Reonomy, Convene Founders Launch Multifamily Lending Startup With $450M Funding Partner
The pullback of regional banks this year has left many small multifamily owners with limited financing options. In response, a trio of proptech veterans has launched a startup that aims to fill that gap, and it landed a big partnership to fuel its first round of deals.
Ease Capital — founded by Reonomy co-founders Charlie Oshman and Memo Sanchez and Convene co-founder and CEO Ryan Simonetti — has a tech platform the founders said allows them to analyze properties and underwrite loans more efficiently than the traditional lending process.
The New York-based firm announced this week it formed a $450M partnership with real estate investment firm Taconic Capital Advisors.
The partnership includes a $120M investment from Taconic that will be leveraged to originate up to $450M in loans, Taconic Director Eric Sitman told Bisnow.

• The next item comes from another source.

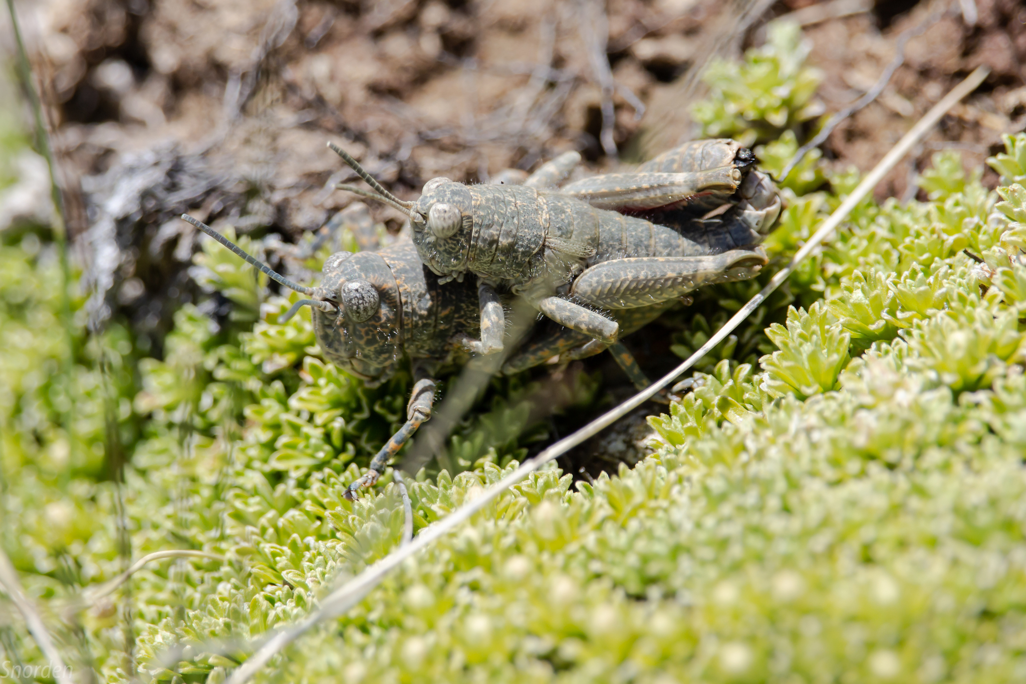 Brachaspis nivalis
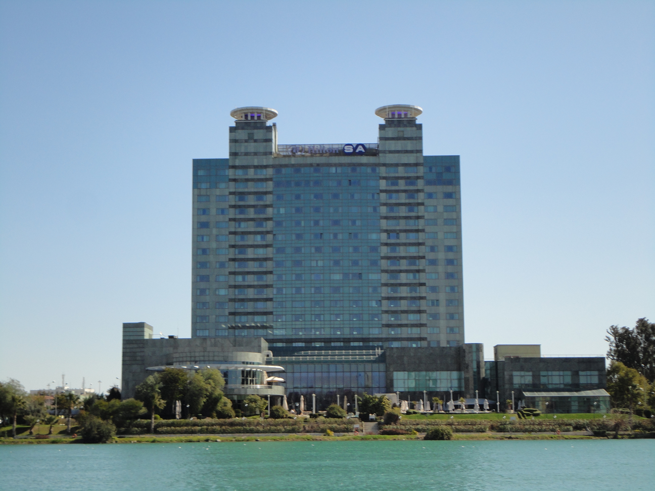 Adana Hilton in Yüreğir district

He said the firm plans to deploy that money over the next one to two years.
Oshman, Ease's CEO, told Bisnow in an interview this week that the Taconic investment is the first in a series of partnerships it plans to pursue with large lenders that don't usually do deals below $35M but are looking for efficient ways to deploy capital to that space.

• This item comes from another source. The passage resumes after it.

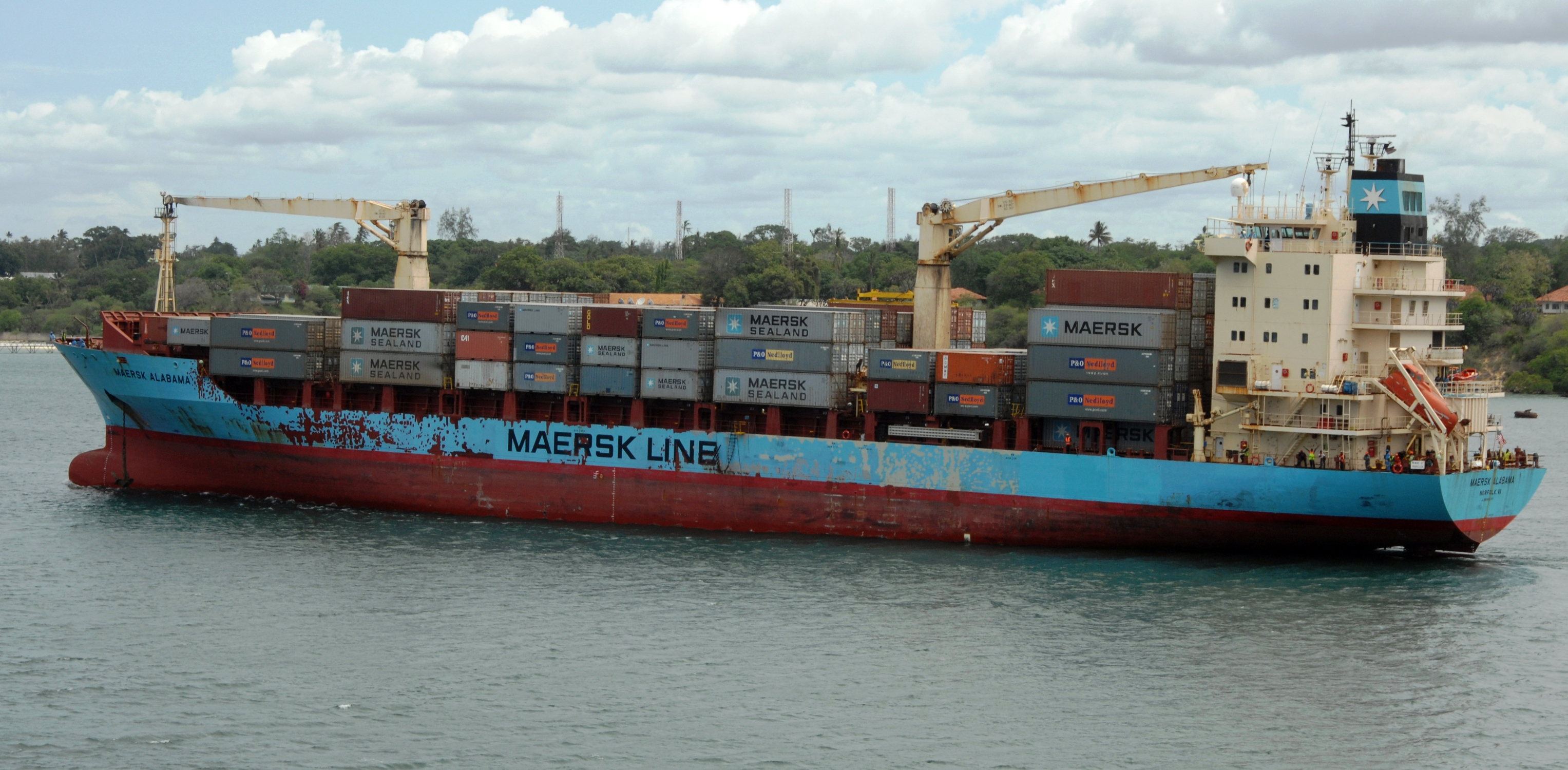 Container ship MV Maersk Alabama leaves Mombasa, Kenya, April 21, 2009, after spending time in port after a pirate attack that took her captain hostage.

Those smaller loans have typically been provided by local and regional banks, but rising interest rates and the fallout of the Silicon Valley Bank and Signature Bank failures have led them to dramatically reduce their activity. Ease and Taconic see now as the right time to step in.
"It’s an ideal moment in time, because not only are there new challenges facing sponsors that not all loan programs that are popular during a low-interest-rate environment solve for, but a lot of that capital is no longer available in the marketplace," Oshman said.

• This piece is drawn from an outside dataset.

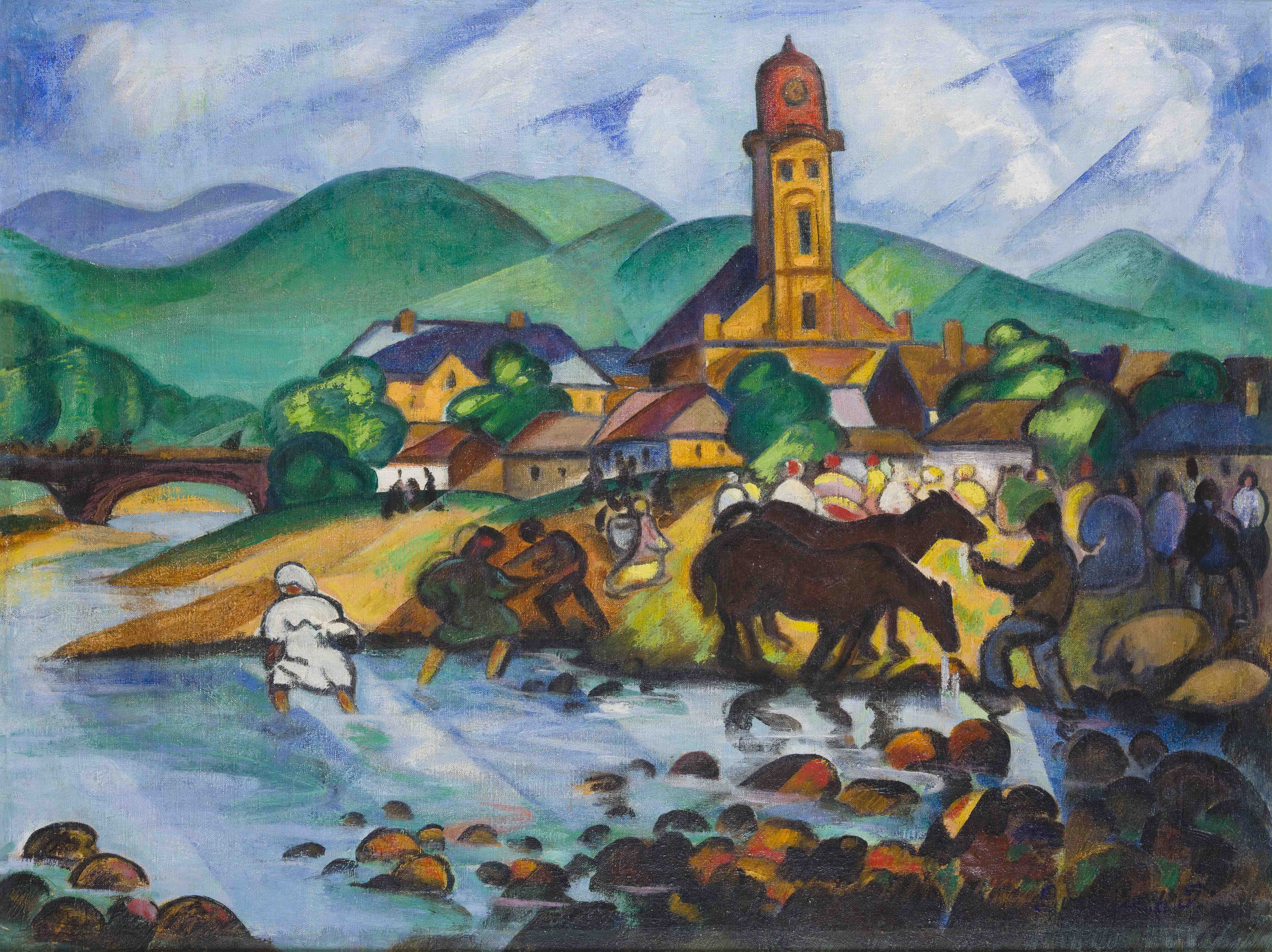 Tibor Boromisza - Fair at Baia Mare 72x95 oil on canvas 1914
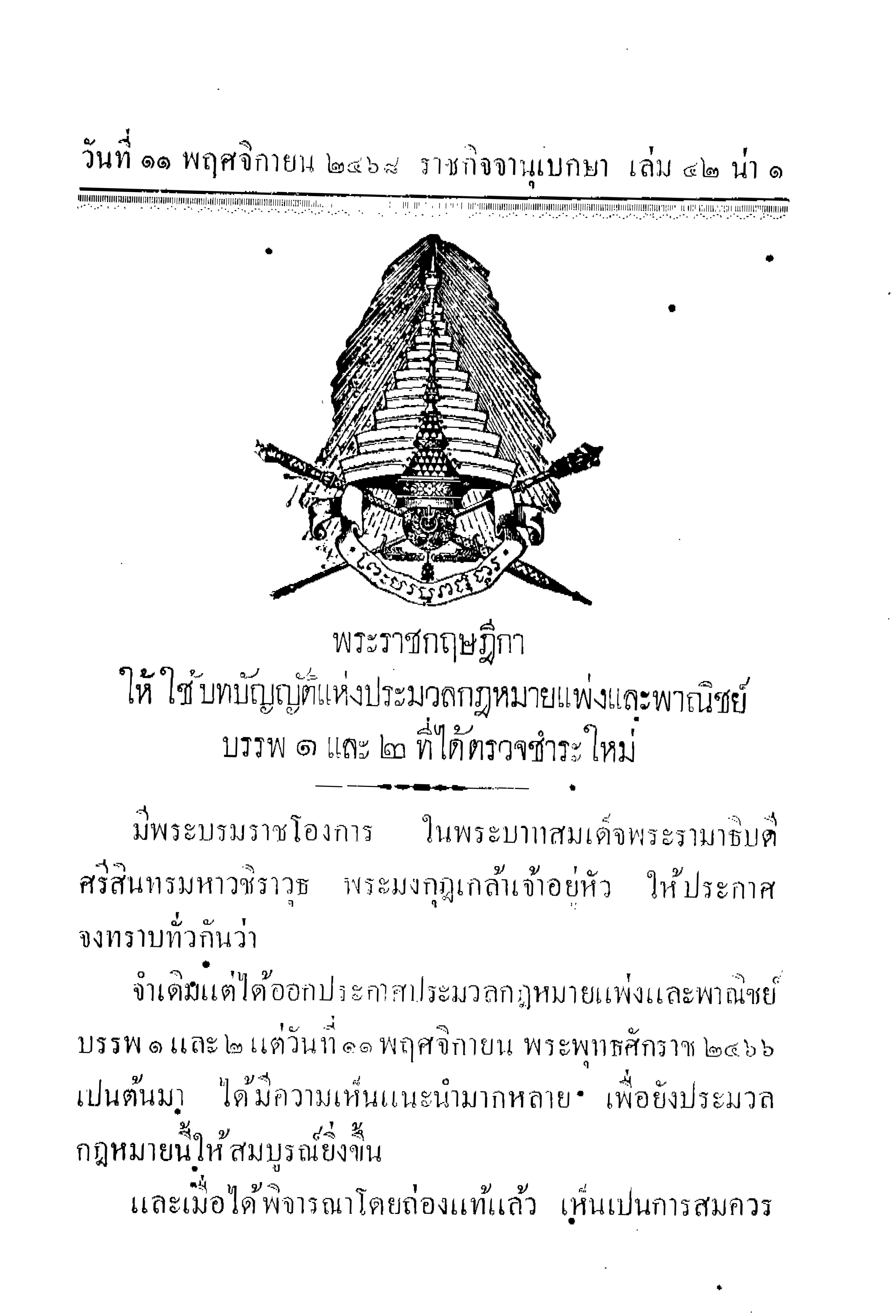 The Royal Decree Promulgating the Revised Provisions of Book 1 and Book 2 of the Civil and Commercial Code. Published in the Government Gazette of Thailand: volume 42/page1/November 11, 1929.

He said there is appetite from larger institutional players to provide that capital, and Ease is helping them deploy it into the market. It plans to provide a range of bridge financing options, and it can offer shorter terms, interest-only structures and flexibility on prepayment.
Taconic, a 24-year-old investment firm based in New York with $7B in assets under management, has often sought out distressed parts of the commercial real estate markets, lending to hotel owners in 2020 and office owners this year, Sitman said.
It typically provides loans of $30M or larger, but Sitman said the firm sees now as a "unique moment in time" to provide liquidity to owners that need it in smaller increments, and the partnership with Ease gives it a way to do that quickly.
"Most institutional capital that does have the ability to lend into this environment are focused on $25M or $30M and higher, so we’ve seen for the smaller deal size we can earn some additional spread relative to larger transactions," Sitman said.
The way Ease can do these smaller deals more efficiently stems from its system for underwriting loans, Oshman said. He said Ease's platform combines relevant data such as rents, operating expenses and supply in the market, and it uses that information to speed up the process for analyzing loans.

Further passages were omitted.